====== DATA RECORDS

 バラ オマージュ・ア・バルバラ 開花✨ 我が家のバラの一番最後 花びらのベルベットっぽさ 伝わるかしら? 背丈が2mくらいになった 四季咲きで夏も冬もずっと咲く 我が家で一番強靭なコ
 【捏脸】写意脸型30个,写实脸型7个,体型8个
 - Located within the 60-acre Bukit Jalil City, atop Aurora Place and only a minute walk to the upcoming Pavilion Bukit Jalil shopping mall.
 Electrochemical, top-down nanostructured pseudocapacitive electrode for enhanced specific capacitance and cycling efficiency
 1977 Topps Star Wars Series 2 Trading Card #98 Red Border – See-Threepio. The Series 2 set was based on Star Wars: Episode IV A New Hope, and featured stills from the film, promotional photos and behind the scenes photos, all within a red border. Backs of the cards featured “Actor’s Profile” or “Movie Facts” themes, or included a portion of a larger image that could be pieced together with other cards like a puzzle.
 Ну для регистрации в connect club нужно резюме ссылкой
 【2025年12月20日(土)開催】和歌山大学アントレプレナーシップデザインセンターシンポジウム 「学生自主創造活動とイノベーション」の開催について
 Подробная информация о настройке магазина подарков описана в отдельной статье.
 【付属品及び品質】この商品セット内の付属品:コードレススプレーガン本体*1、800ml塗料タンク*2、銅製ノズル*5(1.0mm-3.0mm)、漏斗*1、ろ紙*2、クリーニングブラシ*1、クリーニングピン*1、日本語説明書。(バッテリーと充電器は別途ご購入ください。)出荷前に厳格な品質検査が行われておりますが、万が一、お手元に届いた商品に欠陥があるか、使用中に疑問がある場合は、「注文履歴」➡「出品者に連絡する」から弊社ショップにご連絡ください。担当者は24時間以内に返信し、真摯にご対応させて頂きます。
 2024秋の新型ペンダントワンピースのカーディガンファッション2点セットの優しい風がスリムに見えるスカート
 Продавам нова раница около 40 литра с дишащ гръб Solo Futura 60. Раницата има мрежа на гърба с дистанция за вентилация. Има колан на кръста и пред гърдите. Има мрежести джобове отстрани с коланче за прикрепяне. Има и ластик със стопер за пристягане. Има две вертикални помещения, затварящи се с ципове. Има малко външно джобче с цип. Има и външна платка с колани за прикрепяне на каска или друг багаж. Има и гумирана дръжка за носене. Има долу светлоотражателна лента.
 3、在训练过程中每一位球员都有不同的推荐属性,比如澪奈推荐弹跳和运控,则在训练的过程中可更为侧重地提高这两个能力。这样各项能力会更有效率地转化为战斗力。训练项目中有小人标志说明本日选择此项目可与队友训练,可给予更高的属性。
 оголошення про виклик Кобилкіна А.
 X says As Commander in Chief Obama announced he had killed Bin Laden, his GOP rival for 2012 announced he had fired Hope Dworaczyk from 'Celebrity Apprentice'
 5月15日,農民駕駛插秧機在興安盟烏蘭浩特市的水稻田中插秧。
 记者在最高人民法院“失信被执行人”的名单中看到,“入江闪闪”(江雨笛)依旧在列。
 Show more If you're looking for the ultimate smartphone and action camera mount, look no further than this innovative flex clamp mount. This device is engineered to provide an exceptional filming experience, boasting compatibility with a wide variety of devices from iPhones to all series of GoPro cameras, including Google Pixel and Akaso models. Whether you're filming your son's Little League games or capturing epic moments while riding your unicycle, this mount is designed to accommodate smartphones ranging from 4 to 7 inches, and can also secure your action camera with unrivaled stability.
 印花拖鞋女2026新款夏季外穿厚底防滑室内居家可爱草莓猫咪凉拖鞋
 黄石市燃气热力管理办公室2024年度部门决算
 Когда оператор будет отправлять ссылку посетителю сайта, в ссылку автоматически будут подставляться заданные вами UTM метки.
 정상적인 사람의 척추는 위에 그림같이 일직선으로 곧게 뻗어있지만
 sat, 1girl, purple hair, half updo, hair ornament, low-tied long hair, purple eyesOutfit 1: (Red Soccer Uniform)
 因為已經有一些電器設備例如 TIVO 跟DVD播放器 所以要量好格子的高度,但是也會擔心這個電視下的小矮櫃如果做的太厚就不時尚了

============

- WHAT YOU SHOULD DO -
Every entry above must appear again in the reply, exactly as it stands.

- RESPONSE TO THE TASK -
 バラ オマージュ・ア・バルバラ 開花✨ 我が家のバラの一番最後 花びらのベルベットっぽさ 伝わるかしら? 背丈が2mくらいになった 四季咲きで夏も冬もずっと咲く 我が家で一番強靭なコ
 【捏脸】写意脸型30个,写实脸型7个,体型8个
 - Located within the 60-acre Bukit Jalil City, atop Aurora Place and only a minute walk to the upcoming Pavilion Bukit Jalil shopping mall.
 Electrochemical, top-down nanostructured pseudocapacitive electrode for enhanced specific capacitance and cycling efficiency
 1977 Topps Star Wars Series 2 Trading Card #98 Red Border – See-Threepio. The Series 2 set was based on Star Wars: Episode IV A New Hope, and featured stills from the film, promotional photos and behind the scenes photos, all within a red border. Backs of the cards featured “Actor’s Profile” or “Movie Facts” themes, or included a portion of a larger image that could be pieced together with other cards like a puzzle.
 Ну для регистрации в connect club нужно резюме ссылкой
 【2025年12月20日(土)開催】和歌山大学アントレプレナーシップデザインセンターシンポジウム 「学生自主創造活動とイノベーション」の開催について
 Подробная информация о настройке магазина подарков описана в отдельной статье.
 【付属品及び品質】この商品セット内の付属品:コードレススプレーガン本体*1、800ml塗料タンク*2、銅製ノズル*5(1.0mm-3.0mm)、漏斗*1、ろ紙*2、クリーニングブラシ*1、クリーニングピン*1、日本語説明書。(バッテリーと充電器は別途ご購入ください。)出荷前に厳格な品質検査が行われておりますが、万が一、お手元に届いた商品に欠陥があるか、使用中に疑問がある場合は、「注文履歴」➡「出品者に連絡する」から弊社ショップにご連絡ください。担当者は24時間以内に返信し、真摯にご対応させて頂きます。
 2024秋の新型ペンダントワンピースのカーディガンファッション2点セットの優しい風がスリムに見えるスカート
 Продавам нова раница около 40 литра с дишащ гръб Solo Futura 60. Раницата има мрежа на гърба с дистанция за вентилация. Има колан на кръста и пред гърдите. Има мрежести джобове отстрани с коланче за прикрепяне. Има и ластик със стопер за пристягане. Има две вертикални помещения, затварящи се с ципове. Има малко външно джобче с цип. Има и външна платка с колани за прикрепяне на каска или друг багаж. Има и гумирана дръжка за носене. Има долу светлоотражателна лента.
 3、在训练过程中每一位球员都有不同的推荐属性,比如澪奈推荐弹跳和运控,则在训练的过程中可更为侧重地提高这两个能力。这样各项能力会更有效率地转化为战斗力。训练项目中有小人标志说明本日选择此项目可与队友训练,可给予更高的属性。
 оголошення про виклик Кобилкіна А.
 X says As Commander in Chief Obama announced he had killed Bin Laden, his GOP rival for 2012 announced he had fired Hope Dworaczyk from 'Celebrity Apprentice'
 5月15日,農民駕駛插秧機在興安盟烏蘭浩特市的水稻田中插秧。
 记者在最高人民法院“失信被执行人”的名单中看到,“入江闪闪”(江雨笛)依旧在列。
 Show more If you're looking for the ultimate smartphone and action camera mount, look no further than this innovative flex clamp mount. This device is engineered to provide an exceptional filming experience, boasting compatibility with a wide variety of devices from iPhones to all series of GoPro cameras, including Google Pixel and Akaso models. Whether you're filming your son's Little League games or capturing epic moments while riding your unicycle, this mount is designed to accommodate smartphones ranging from 4 to 7 inches, and can also secure your action camera with unrivaled stability.
 印花拖鞋女2026新款夏季外穿厚底防滑室内居家可爱草莓猫咪凉拖鞋
 黄石市燃气热力管理办公室2024年度部门决算
 Когда оператор будет отправлять ссылку посетителю сайта, в ссылку автоматически будут подставляться заданные вами UTM метки.
 정상적인 사람의 척추는 위에 그림같이 일직선으로 곧게 뻗어있지만
 sat, 1girl, purple hair, half updo, hair ornament, low-tied long hair, purple eyesOutfit 1: (Red Soccer Uniform)
 因為已經有一些電器設備例如 TIVO 跟DVD播放器 所以要量好格子的高度,但是也會擔心這個電視下的小矮櫃如果做的太厚就不時尚了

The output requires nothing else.